## Task prompt
Write out the lines below exactly, beginning at the one with "Il convient de" and stopping after the one with "Kokoszka Gallinula chloropus ."; the pictures are not copied.
-- Material for this task follows --
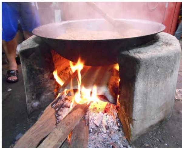
ภาพที่ 34 แสดงเตาหินที่ใช้กวนกาละแหม

เตาหินซึ่งเป็นเตาที่ก่อด้วยอิฐแดงฉาบปูน และใช้หินในการให้ความร้อน ในปัจจุบันพื้นที่นำมาใช้ คือ ไม้หน้าสาม แทนที่ไม้แสมที่มีราคาแพงและหายากมากขึ้น โดยจะนำแผ่นสังกะสีมาวางทับบนกองหินอีกชั้นเพื่อให้ทำให้อุณหภูมิกระจายไปรอบ ๆ กระทะและป้องกันไม่ให้ไฟโดนกันกระทะซึ่งจะทำให้กาละแหมไหม้ได้
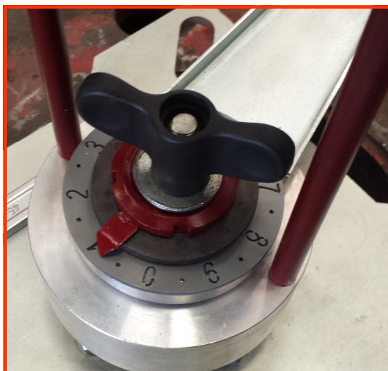
INDEX D'AJUSTEMENT DE FREINAGE
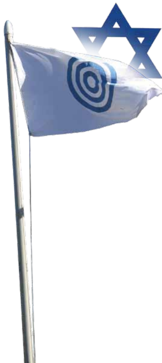
Combinación de dos símbolos poderosos (foto)

Comenzamos como dúo y ahora somos un trío. Un equipo que es tanto mínimo como completo. No me extraña que las triadas sean tan populares en el universo de universos. Los miembros de nuestro equipo se complementan mutuamente con sus habilidades y aportaciones.
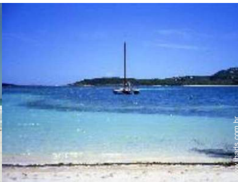
atividades náuticas nas proximidades
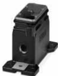
HEAVYCON Sockelgehäuse B6, für Schraubverriegelung, Serie HPR, mit Stützen 2x M20, für erhöhte Umwelt- und EMV-Anforderungen

Bitte beachten Sie, dass die hier angegebenen Daten dem Online-Katalog entnommen sind. Die vollständigen Informationen und Daten entnehmen Sie bitte der Anwenderdokumentation. Es gelten die Allgemeinen Nutzungsbedingungen für Internet-Downloads. ( http://phoenixcontact.de/download )
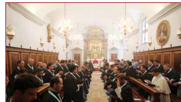
Messe pontificale célébrée par S.Exc.R. Mgr Schneider

Une sourde rumeur monte du séminaire de Gricigliano. En quelques heures, il est sorti de sa torpeur estivale et bourdonne d'une fiévreuse activité : le chapitre général vient de commencer ! Plus de cent chanoines venus des quatre coins du globe se sont réunis à la Maison-Mère, berceau de leur formation.
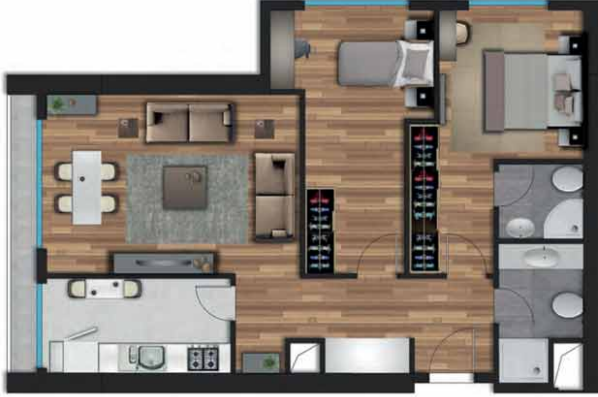
2+1 A örnek daireye ait, bilgisayarla üretilmiş örnek görsel.

Giriş Holü: 7,05 m 2 Salon: 21,00 m 2 Mutfak: 7,35 m 2 Ebeveyn Yatak Odası: 13,40 m 2 Ebeveyn Banyo: 2,55 m 2 Yatak Odası: 13,45 m 2 Banyo: 4,12 m 2 Balkon: 3,35 m 2 Net Alan: 72,27 m 2 Daire Brüt Alan: 86,82 m 2 Genel Brüt Alan: 120,74 m 2
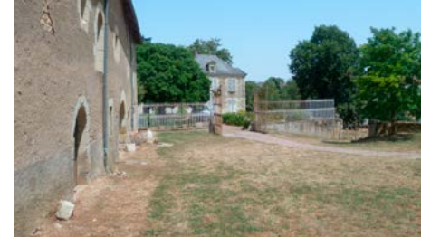
Vestiges de l'abbaye Saint-Jean-de-Bonneval

15h et 17h : Venez écouter les voix du trio Hays, Le Corre et Bitton qui vous
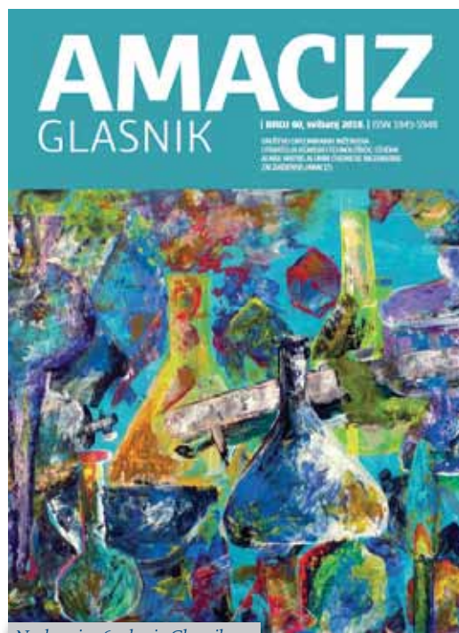
Naslovnica 60. broja Glasnika

Od važnijih dosegâ treba spomenuti Glasnik, koji neprekidno izlazi od 1992. godine dva puta godišnje, tako da je do sada izašlo 62 broja. Nadalje, izdana je knjižica prigodom 10 godina AMACIZ-a (2000.), a svakih 5 godina izdane su knjižice o ak-
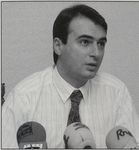
El PSOE va a enviar 25.000 cartas denunciando la campaña de desprestigio del PP.
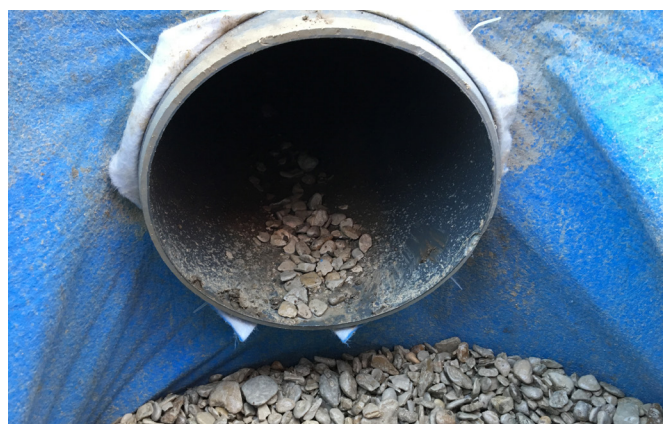
Figure 2: Traversée de l'aquatextile par la conduite dans la découpe

Il convient de s'assurer de la stabilité de la conduite à l'endroit de la traversée afin qu'elle ne transfère pas d'effort à l'aquatextile.
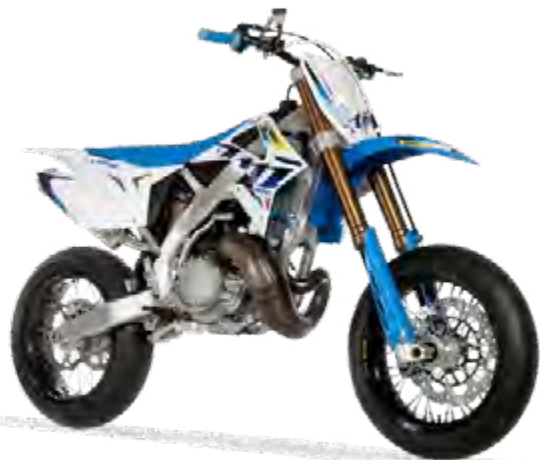
SMX 250 ES
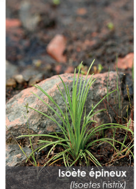
Isoète épineux ( Isoetes histrix )
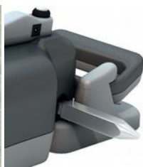
Carré positionnable à droite ou à gauche.
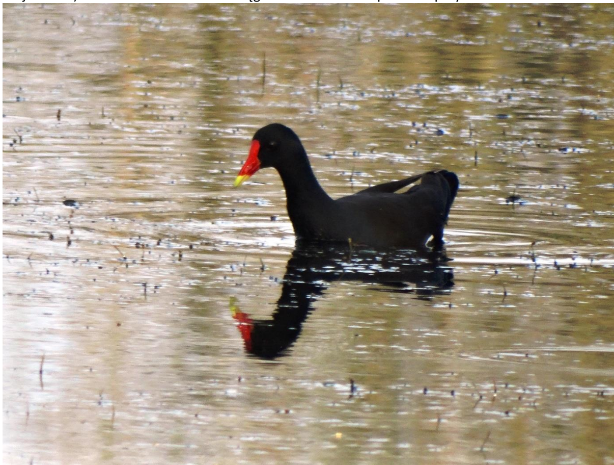
Fot. 34. Kokoszka Gallinula chloropus w Ekoparku

Kokoszka Gallinula chloropus . Podawana z doliny Parsęty (POP), jako lęgowa z Ekoparku (Juszczak, Majca 1997). Ochrona ścisła. W 2014 r. lęgowa na terenie Ekoparku - 2 pary.
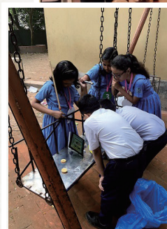
バンラデシュの 子供たちを笑顔にする ものづくり映像授業の実践 大阪大学 バングラ班
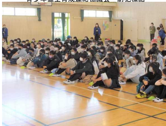
青少年フェスティバル
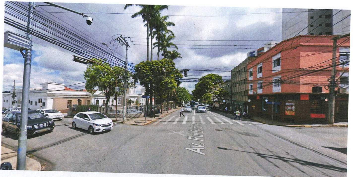
Av. Rui Barbosa
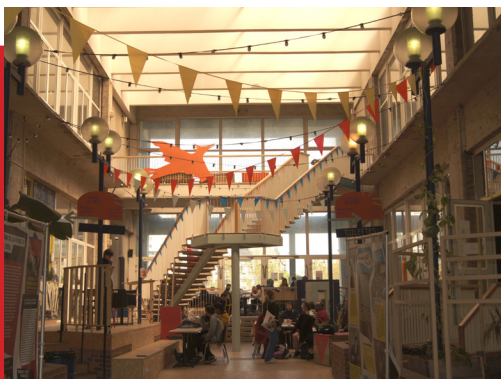
Photocréditée : Amarres Yes we camp
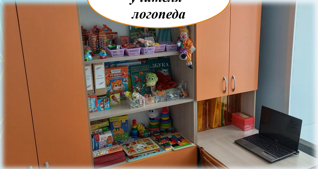
Кабинет учителя- логопеда
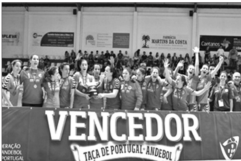
Equipa do Madeira SAD conquistou no domingo a 16.ª Taça de Portugal de andebol.
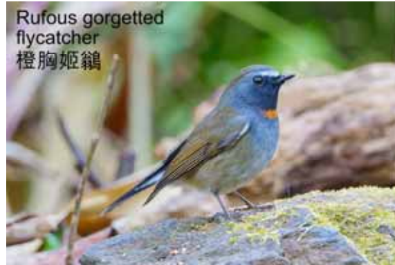
Rufous gorgetted flycatcher 橙胸姬鶇
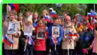
Стр. 2 Школа чтит День Победы

Елизавета Шляхова
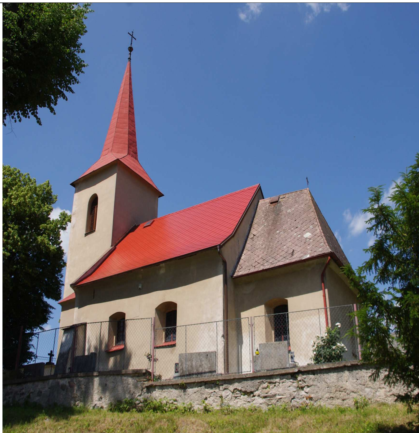
TŘEBĚTÍN – Kostel Navštívení Panny Marie
-- Material for this task concluded --
## Reply
Il convient de s'assurer de la stabilité de la conduite à l'endroit de la traversée afin qu'elle ne transfère pas d'effort à l'aquatextile.
SMX 250 ES
Isoète épineux ( Isoetes histrix )
Carré positionnable à droite ou à gauche.
Fot. 34. Kokoszka Gallinula chloropus w Ekoparku

Kokoszka Gallinula chloropus . Podawana z doliny Parsęty (POP), jako lęgowa z Ekoparku (Juszczak, Majca 1997). Ochrona ścisła. W 2014 r. lęgowa na terenie Ekoparku - 2 pary.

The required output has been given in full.